◆ Problem to work on ◆
Should pictures appear among the records, leave them out, and copy exactly only the lines from the first through the one with "- Bucătării open", inclusive.

◆ Stored data ◆
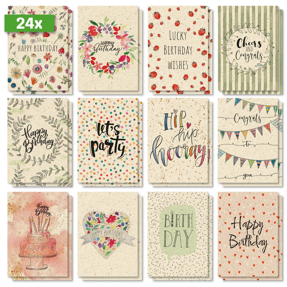 box contents: 1x Set of birthday cards DS705, 24 cards + envelopes, incl. white envelopes
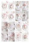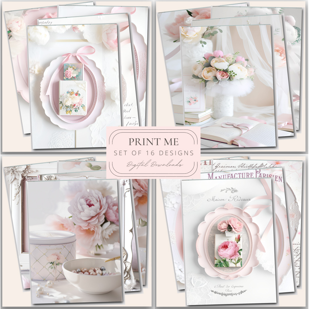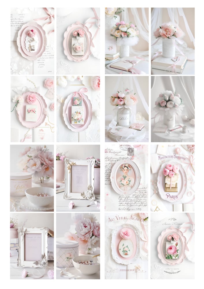 Pink and white collection of peonies and pearls frames and vases digital downloads printable files.
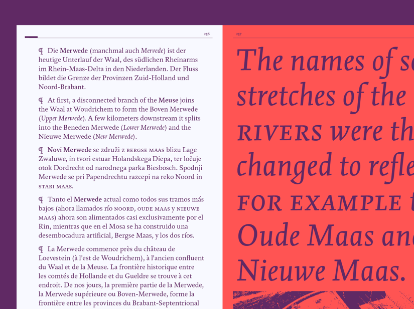 Merwede is not a revival. Many of its features are unconventional and unique. They stem from Schulz’s dissatisfaction with details in classic book typefaces, like italic capitals. (In Merwede, the italic capitals stand one degree more upright than the lowercase so they don’t appear to lean against the lowercase.) References and inspiration have been early Renaissance typefaces and the work of typographers and type designers such as Pierre Simon Fournier, Eric Gill, Jan van Krimpen, Helmut Salden and Martin Majoor, without following any particular model.
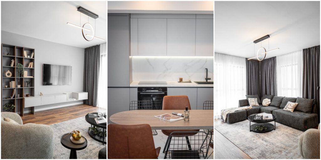 - Bucătării open space: permit separarea zonei de gătit de living și oferă flexibilitate în utilizarea spațiului;
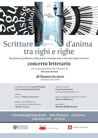 L’evento, costruito attorno a un emozionale connubio tra parole e musica, vuole presentare in maniera inusuale e altamente godibile, il romanzo di Rossana Fiorini Di bianco in neve. Patrocinato dall’Università stessa e dall’Armando Curcio Editore, con la coordinazione del prof. Cosimo D’Angela, il concerto letterario vedrà il maestro Nunzio Dello Iacovo interpretare al pianoforte i Sei Momenti Musicali op. 16 di Rachmaninov in una suggestiva integrazione alla lettura di alcune pagine scelte dall’intenso romanzo della Fiorini.
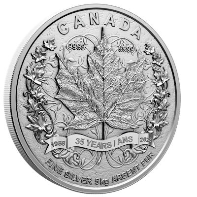 <<< Kanada - 500 CAD Maple Leaf 35 Jahre 2023 - 5 KG Silber PP | |
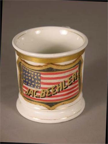 Label under glass shaving mug for Jac. Beehler - American flag motif, no chips or cracks.

◆ Final answer ◆
 box contents: 1x Set of birthday cards DS705, 24 cards + envelopes, incl. white envelopes
 Pink and white collection of peonies and pearls frames and vases digital downloads printable files.
 Merwede is not a revival. Many of its features are unconventional and unique. They stem from Schulz’s dissatisfaction with details in classic book typefaces, like italic capitals. (In Merwede, the italic capitals stand one degree more upright than the lowercase so they don’t appear to lean against the lowercase.) References and inspiration have been early Renaissance typefaces and the work of typographers and type designers such as Pierre Simon Fournier, Eric Gill, Jan van Krimpen, Helmut Salden and Martin Majoor, without following any particular model.
 - Bucătării open space: permit separarea zonei de gătit de living și oferă flexibilitate în utilizarea spațiului;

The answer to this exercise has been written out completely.